Dann drückte er auf einen kleinen Knopf am Lenker und der Motor sprang mit einem überraschend leisen Surren an. Anders als viele Jahre zuvor ihr geschiedener Mann auf einem ruckeligen Münsteraner Polizeimotorrad schaltete Ewald sanft in den ersten Gang und fuhr ebenso gefühlvoll an. So unspektakulär wie die Maschine über die Straße glitt, so einfach war es plötzlich für Inge, sich an den ledernen Rücken ihres Fahrers zu lehnen und die ruhige Fahrt über die von hochgewachsenen, sich gerade aufblätternden Bäumen gesäumte Allee zu genießen. Der kühle Fahrtwind mogelte sich über die Schuhe und an den Socken vorbei die Hosenbeine hinauf.
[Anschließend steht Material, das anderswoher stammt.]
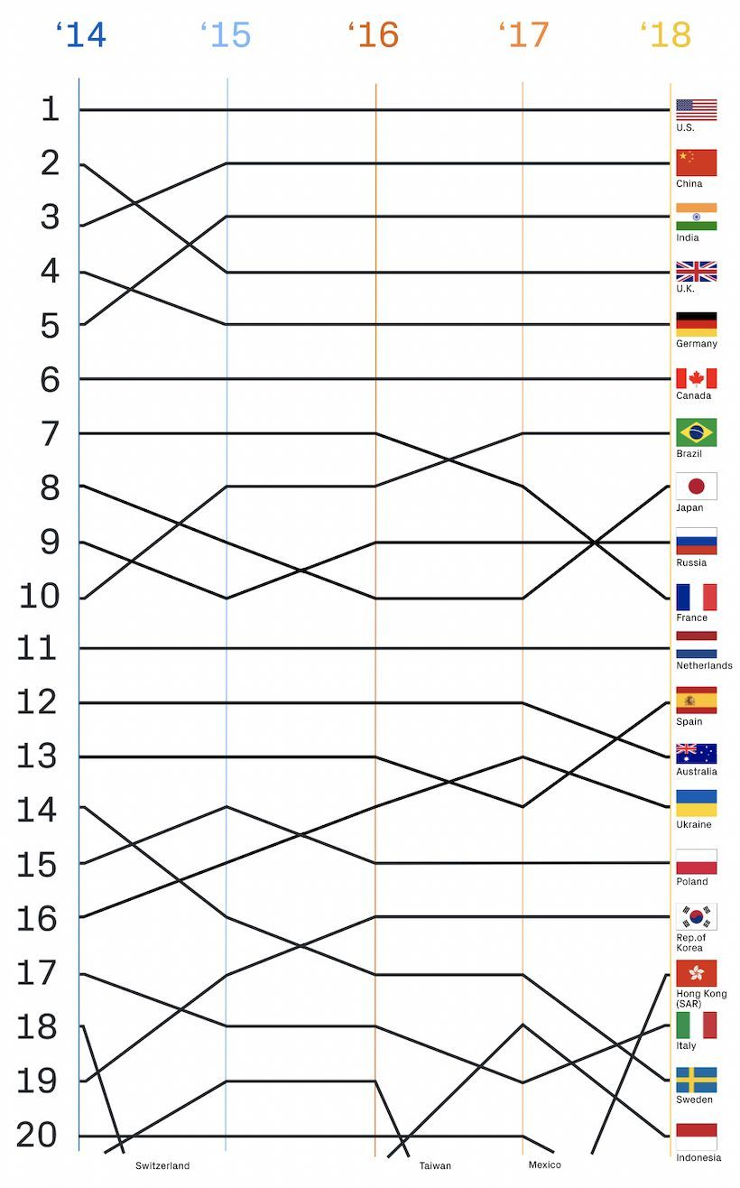 即便是在中文互联网并不算发达的年代,国内开发者们都很少有不知道 GitHub 的,何况是现在中国市场已经成为各大开源基金会眼中的世界第二大市场。随着中国开发者规模的持续膨胀,在可预见的未来,GitHub 的中文仓库会越来越多。根据 2018 年 GitHub 年度开发者报告,中国开发者的贡献从 15 年开始就稳居第二。

Die Frühlingssonne schien auf den grauen Asphalt, zaghaft erwachende Felder und zartgrüne Wiesen, und wenn sie den Blick ein wenig hob, dann kam es ihr vor, als schwebten sie gen Unendlichkeit.
Als sich die Nähe der Stadt ankündigte, hätte Inge nicht sagen können, wie lange die Fahrt gedauert hatte. Sie hatte an nichts Besonderes gedacht, sich nur dem Gefühl der Schwerelosigkeit hingegeben, das ewig hätte anhalten können. Ohne festen Ort zu sein, schien ihr angesichts ihrer persönlichen Lage bodenlos schön.
An der ersten roten Ampel drehte sich Ewald zu ihr um: „Alles gut?“
„Besser.“
„Wie heißt die Straße?“
„Rungestraße. Nummer 17.“ Erst jetzt sah sie, dass zu seinem unglaublich kompliziert aussehenden Cockpit auch ein Navigationsgerät gehörte, in das er die Straße nun eingab.
Es dauerte nicht lange, bis sie vor der Hofeinfahrt standen. Ewald manövrierte die BMW in eine freie Parklücke zwei Häuser weiter, und als sie abstieg, spürte sie ein angenehmes Kribbeln in den Beinen. Wie gut, dachte sie, als sie den Helm abnahm und sich mit der freien Hand durch die Haare fuhr, dass ich beim Frisör war. Mit einem gewissen Stolz trug sie den aerodynamisch wirkenden Kopfschutz lässig im Arm und dachte darüber nach, ob sie in ihrem Alter noch eine Lederjacke tragen könnte.
„Und jetzt?“, fragte Ewald, und sie wusste, dass es Zeit war, die Rollen zu tauschen.
„Wir besuchen unsere gemeinsame Freundin Ellen, was sonst?“, antwortete sie und ging voraus.
Vor Ellen Weyers Haustür bot sich in etwa das gleiche Bild wie am Vortag. Niemand hatte den Briefkasten geleert, die Jalousien waren noch immer heruntergelassen. Inge Nowak klingelte, aber niemand öffnete.
„Ich gehe jetzt rüber zu dem Nachbarn und verwickle ihn in ein Gespräch. Du tust derweil so, als ob du Ellen eine Nachricht schreibst, versuchst aber die Post aus dem Briefkasten zu fischen. Schaffst du das?“
„Ist das nicht polizeilich verboten?“
„Ich bin die Polizei, schon vergessen?“
Der Alte stand schon am geöffneten Fenster. Sie winkte und ging über den Hof auf ihn zu wie eine alte Bekannte.
„Haben Sie Ellen inzwischen gesehen?“, fragte sie.
„Nein. Ich mach mir auch schon Sorgen.